Melrose's head finally met the ground, causing her to roll violently forward from the momentum she still had.
At least her pain had also dulled, and the once intense pain all over, concentrated on her left hoof was now nothing but an unpleasant throb.
She peaked an eye from her sprawled position, watching blurrily the approach of those that had taken so much, and would finally extort her of an old life.
Her story wasn't special. Her fate, especially not. So many other Equestrian settlers would meet the same fate on the unforgiving southern deserts, and she definitely wasn't the last.
Most were destined to die young. The majority, with inconsequential lives, but luckily for Melrose, she would fall, knowing she had saved her village, her friends and most importantly, family. It wasn't that bad of an exchange, really. One short life for the continuation of several lives.
...
...
It was then, when someone decided to spit on fate's face.
In a bang, no less.
A thunder broke on the ground.
A buffalo hit the floor.
If there was any reaction among the surrounding buffaloes, they did not audibly show it. But there was a great reaction in movement.

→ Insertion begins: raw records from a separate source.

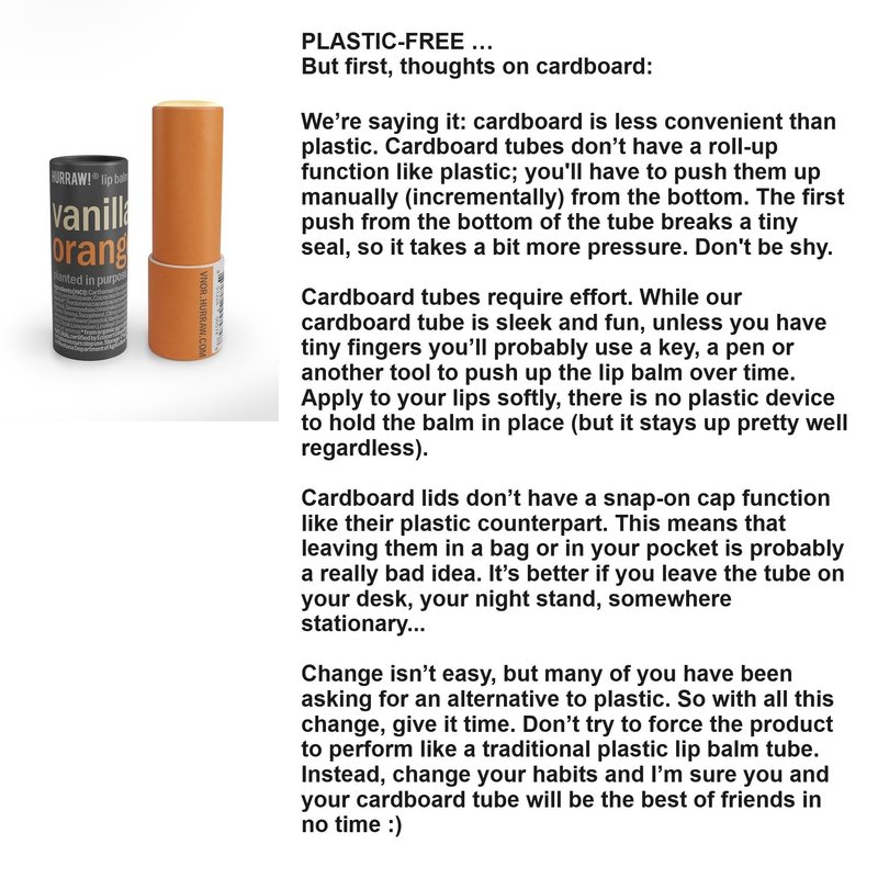 - THOUGHTS ON PLASTIC FREE: Cardboard tubes require effort. We’re saying it: cardboard is less convenient than plastic. Cardboard tubes don’t have a roll-up function like plastic; you'll have to push them up manually. Cardboard lids don’t have a snap-on cap function like their plastic counterpart. This means that leaving them in a bag or in your pocket is probably a bad idea. Change isn’t easy, but many of you have been asking for an alternative to plastic. Don’t try to force the product to perform like a traditional plastic lip balm tube. Instead, change your habits and help save our Earth :)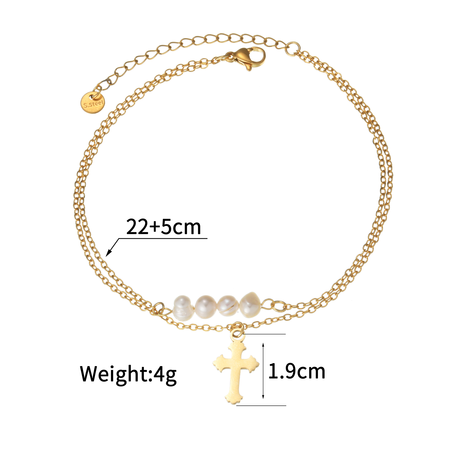 Double-layer stacked cross pearl anklet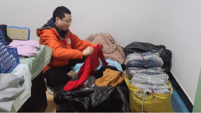 社工接收衣服以后,把衣服的尺码、款式分类整理,计划根据救助对象的穿衣需求,联合志愿者送到救助对象手中。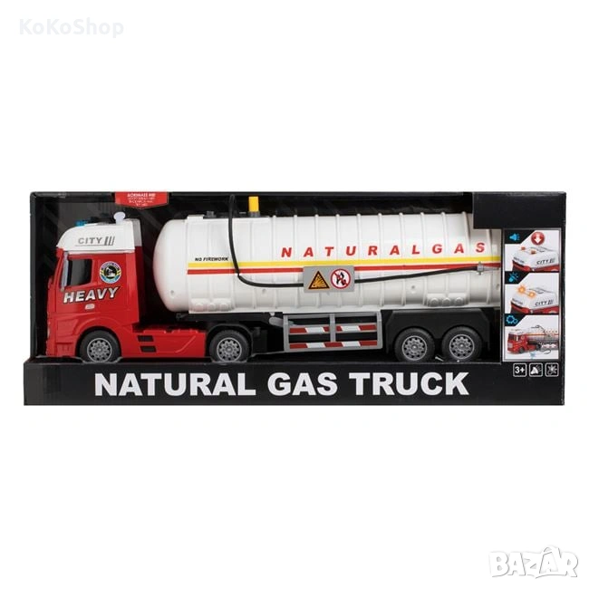 Детска цистерна с атрактивен дизайн и реалистични звуци. Задната врата на цистерната се отваря, а през люка в горната част можете да напълните резервоара с вода. С бутоните на покрива се включват светлините и работните звуци. Водата се разпръсква с помпа. Работи с 3 батерии AG13 (включени в комплекта).

Like a gentle stream, the crude buffalo stampede split in the face of a stalwart rock, this time, in the form of a fallen brethren whose head steadily leaked a faucet of blood and the exit-wound slid a piece of pink cranial matter onto the dirty sands.
Such sight would dishearten any creature, especially when the most likely perpetrator looked positively insane, awkwardly bipedal, fully clothed in an attire most uncommon, and the usual white, blinding smoke not permeating the barrel of the familiar implement held on their forehooves.
A second shot rang out, confirming the buffaloes' instincts to flee.
While first intent on circling around the fallen Merlone and the bipedal newcomer, the streams of stampeding buffalos decided to entirely break off their charge, scattering in every direction. None wished to find out how many more bullets the strange rifle could dispense, much less wanted to be the next one to suffer from it.
So, the relentless, savage buffaloes fled, in the face of two dead.
Very few in the deserts were warriors.
A pursuer's resolve is always strong, only until the runners hold their ground.
Markos was surprised his brief training had served him so well still, as he silently witnessed the source of his repressed fears melt into the dusty clouds from the simple act of holding his ground, relieving him of the sharp stings on his neck and breezing the scalp under his mane.
(("...That, was incredibly stupid of me.")) Markos finally chuckled out, unconsciously inserting two new cartridges to remedy what he had exhausted into his magazine with his overreaching hoof. (("Are you people herding those unwieldy bisons like cattle? -'Cause I definitely saw some with feathered headdresses."))
Markos loosened the sling on his other hoof, while contemplating the answer on his own. (("God be praised that I arrived just in time, though I might've scattered your herd.")) He smiled apologetically, down at the still-sprawled Melrose.
Markos dumbly blinked at the unresponsive mare, (("...Lady?"))
Melrose was pale, eyes weakly shut and her breath short and erratic. If pressed up upon, one would hear the sad flutters of her dying heart, overexerted trying to compensate for her leaking veins.
He momentarily blushed in realisation, but immediately paled as well in horror. (("Christ! -You're in good hands now, lady!"))
Melrose's last clear memory was that of a fellow earth pony, fully clothed in an aged white undershirt with rugged brown coat and a foreign hind-veil loosely covering their cyan flank and coat gently lifting her against his barrel.
She remembered a pristine, warm comfort in the strange stallion's embrace, who kept spouting words she could not comprehend, but were laced with utmost empathy.
Melrose finally allowed herself to sleep.
Author's Note
This chapter is definitely not an excuse to have a translator when the Europeans arrive. Nope! If you think that, you're just delusional, and wrong, and delusional.
It's gonna be real weird when the Europeans land on the seemingly least useful piece of land in Equestria. The foreshadow is black gold.
Also, I'm stuck deciding whether I should do an 'Old Summer Palace' or a 'Tenochtitlanan'.